A high quality, intermediate difficulty level course. The instructors are obviously very knowledgeable in this field and strive to pass their knowledge and skills onto the students. One of the major advantages in my opinion, is the fact that the authors decided to include a number of advanced topics, which you normally don't find in an introductory level course on the Unsupervised Learning. The exercises seem to revolve mainly around the Natural Language Processing, which is fine by me, for two reasons. First, it is a very challenging part of the Machine Learning. Second, NLP is in high demand in the industry. So, I see no downsides here. Plus, there is only so much one can squeeze in a 6-week course...

I would however like to mention that I wasn't entirely happy with the way the Latent Dirichlet Allocation and the Gibbs Sampling were explained. This was the first time I heard about these techniques and I found them fascinating. I understand that these are challenging topics that require a more advanced math for a serious discussion. But I still think it would be worth including perhaps an optional video and/or exercise to go deeper into this subject. I am sure some students would appreciate it; I know I would...

In summary, it is a great course to take. It will help you better understand the theoretical foundations and boost your practical skills in the Unsupervised Learning.

By MARIANA L J

Aug 12, 2016

The things I liked:

-The professor seems very knowledgeable about all the subjects and she also can convey them in a very understandable way (kudos to her since talking to a camera is not easy)

-The course was well organized and the deadlines were adjusted when a technical difficulty was found by several students

-All the assignments are easy to follow and very detailed

-The testing code provided for the programming assignments is a huge help to make sure we are solving it the right way

What can be improved:

-Some of the concepts during weeks 4 and 5 seemed a bit rushed. Although the professor explained that some details were outside of the scope of this course, I felt that I needed a more thorough explanation in order to understand better

-Some links to the documentation of libraries used in the programming assignments were lacking information on how to really use them, I wish we had some other link to worked examples too

In general I can say this was another good course for this series.
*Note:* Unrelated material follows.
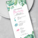 Bem-vindos a sua convidada de noiva com esta despedida de solteira tropical ao estilo costeiro, itinerário de fim de semana ou eventos do dia de casamento na praia. Este programa de casamento ilustrado com o tamanho do chá apresenta meu flamingo rosa original, coquetel, ícones da tartaruga marinha e folhas de palma de monstera trabalho de arte em tons de azul verde e azul-turquesa. Seus detalhes de verão são colocados em um elegante roteiro escrito à mão rosa e uma tipografia serif sans. A placa se reverte para uma cor rosa complementar sólida. Perfeito para casamentos verdes costeiros e tropicais, solteiros e festas nojentas de noivas se vão. Para ver mais inspiração de casamento na praia visite minha loja em www.zazzle.com/dotellabelle

Making a course like this is not easy at all and I can see that they are putting a lot of effort to produce them. All of their hard work is really appreciated on my end.

By Liang-Yao W

Aug 24, 2017

This course is generally good, but I do feel less smoothly guided compared to the other courses in this specialization. For most modules of this course (other than the LDA part), the lecture videos are clear as before but the programming assignments are more demanding. You will probably need helps from google, at least for the usage of graphlab's functions. But as long as you are not completely new to programming and python, you should be able to work it out fine.
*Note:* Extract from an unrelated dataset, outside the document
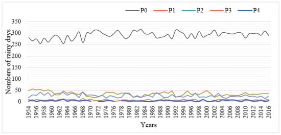 The number of rainy days per year was calculated from the daily rainfall data. Any day of the year that receives an amount of precipitation more than or equal to 1 mm was considered to be rainy. Then, the average number of rainy days was calculated on both sides of the break dates. This allowed the deficits of the post-break period versus the pre-break period to be assessed in terms of the number of rainy days. The characterization method consisted of calculating, for southeast Benin, the frequency of the daily precipitation classes on either side of the break date in the annual series. The different classes were defined according to the number of rainy days with a height of between 1 and 10 mm (P1), 10 and 30 mm (P2), 30 and 50 mm (P3) and more than 50 mm (P4). This typology of daily precipitation was linked to the international threshold standards defined by the World Meteorological Organization [] and then taken up by [] in their studies.

However, for the module introducing the LDA model and Gibbs sampling, I find it difficult to follow. The lecturer tried to convey the concepts and intuitions without presenting the step-by-step algorithm, probably because they are too involved. But personally, I would prefer still have them to think over even if I can not understand them now.

It is also a pity that the one other course and the capstone project originally planned of this specialization are not launched in the end. I do believe the lectures will provide high-quality course content and introduce them with passion.